Incorporating real-time data from the Live API allows us to extend our analysis to current usage patterns, further enriching our understanding of the system’s dynamics and assisting in predictive modeling for future trends.

This data-driven approach provides a robust foundation for answering our core research questions about the usage patterns of New York City’s bike-sharing system and contributes to a deeper understanding of urban mobility.

2.3 Missing Value Analysis

In our analysis of the Ci-ti Bike data, we focus on the transformation of raw transaction data into a more aggregated and analyzable format. Each transaction in the dataset represents a discrete bike usage event, with details such as time, location, and duration. To construct a meaningful analysis framework, we aggregate these individual transactions into hourly inflow counts for each station.

Characteristics of Raw Data:

The raw data is transactional, with each entry representing a distinct bike usage event.
This dataset does not contain any ‘NA’ values, indicating a comprehensive record of all transactions recorded by the system.

Transformation Process:

We process this data by summing and filtering transactions to attain an hourly inflow count per station.
This aggregation smoothens the data for time-series analysis, focusing on broader usage trends rather than individual transactions.

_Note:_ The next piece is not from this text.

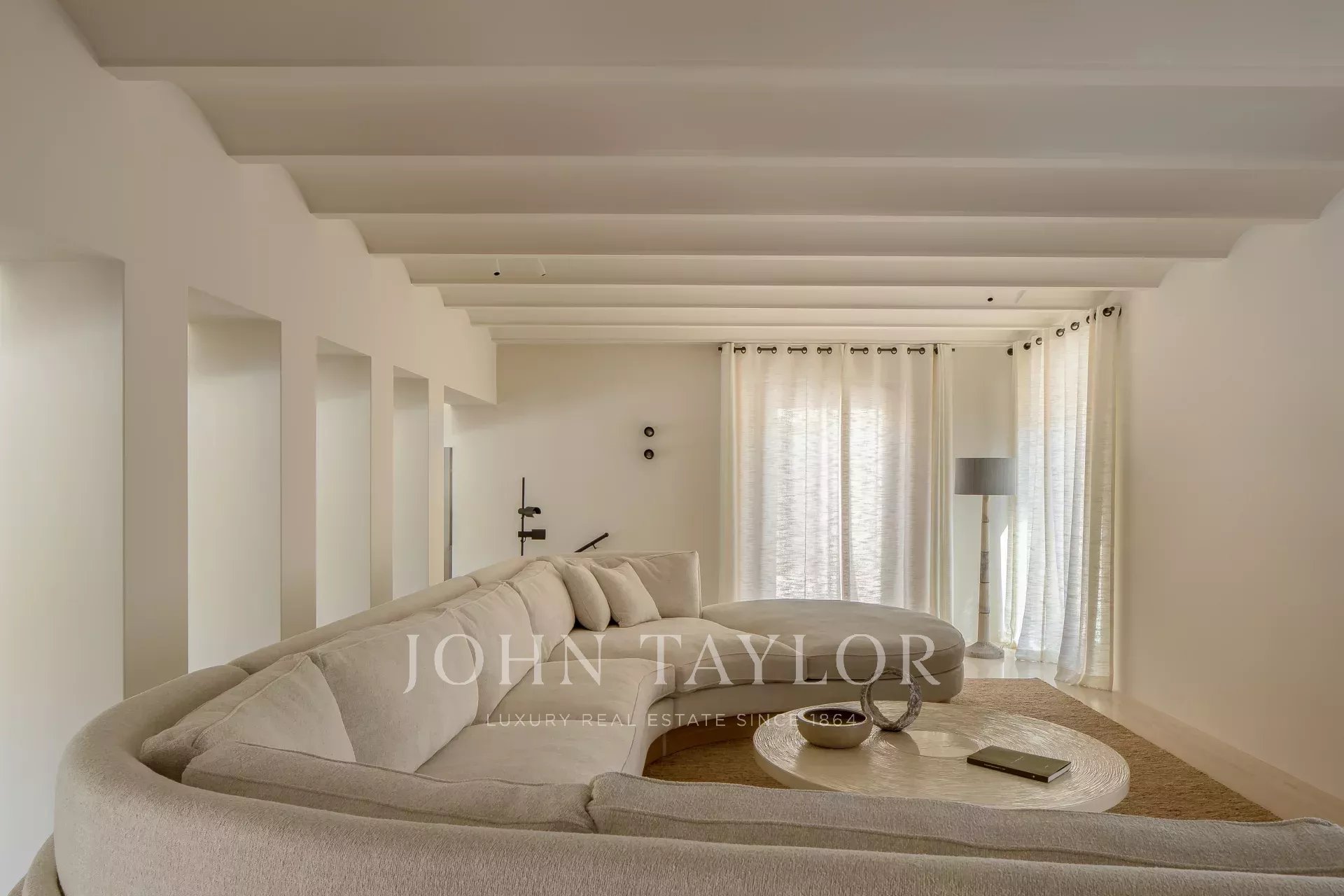 En franchissant la grande porte d’entrée, on découvre le niveau principal lumineux de la maison, avec ses hauts plafonds voûtés qui rappellent les méthodes de construction traditionnelles et intègrent des puits de lumière discrets pour faire entrer la lumière méditerranéenne. On y trouve un vaste salon sur deux niveaux, ainsi qu’une cuisine ouverte sur mesure, réalisée avec des matériaux de la plus haute qualité, alliant élégamment travertin romain, chêne naturel et bronze canon.

Challenges in Missing Data Identification:

A critical limitation of this approach is the inability to distinguish between a non-recorded transaction and a genuine absence of transactions. If a bike is used but the transaction is not recorded due to any system error, it is indistinguishable from a time frame where no bike usage occurred.
Consequently, as data analysts, we cannot definitively assert whether a gap in the data is due to a recording failure or actual inactivity.

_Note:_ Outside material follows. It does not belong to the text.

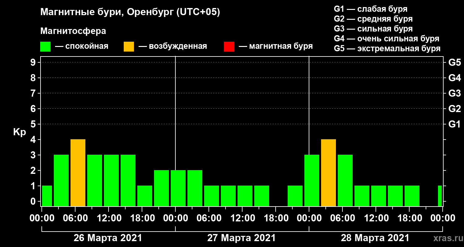 Магнитные бури в Оренбурге 28 марта 2021 года

Observations of Missing Data:

Upon reducing the transaction data from a per-second basis to an hourly format, we observed gaps in the data, where certain dates appear to be skipped.
These missing values could represent days with extremely low or no activity at specific stations, or they might indicate periods where data was not recorded or collected due to technical issues.

Although there is no documented explanation for the clusters of missing data, our team has hypothesized potential reasons for these gaps, though no clear pattern of missing data is evident.

Region 1 (as shown in the image below) aligns with the lock-down period in New York City during the COVID-19 pandemic, particularly through the summer months. This period likely is missing due to bike usage restrictions due to public health restrictions and changes in commuting patterns, potentially resulting in sparse data during this period.
Region 2, while not technically missing data, represents a period where data is unavailable due to its coincidence with the “leap day” in February, which occurs every four years. This absence is likely a result of the dataset’s structure, which may not account for this quadrennial variation in the calendar.
Region 3 presents a more elusive case. Our research has not uncovered a formal explanation for this data gap. However, the fact that these missing data points consistently occur during winter months leads us to speculate that it might be related to seasonal factors. The hypothesis is that this period could correspond to times when Citi Bike operations are impacted by heavy snow or routine maintenance closures, leading to reduced activity or data recording.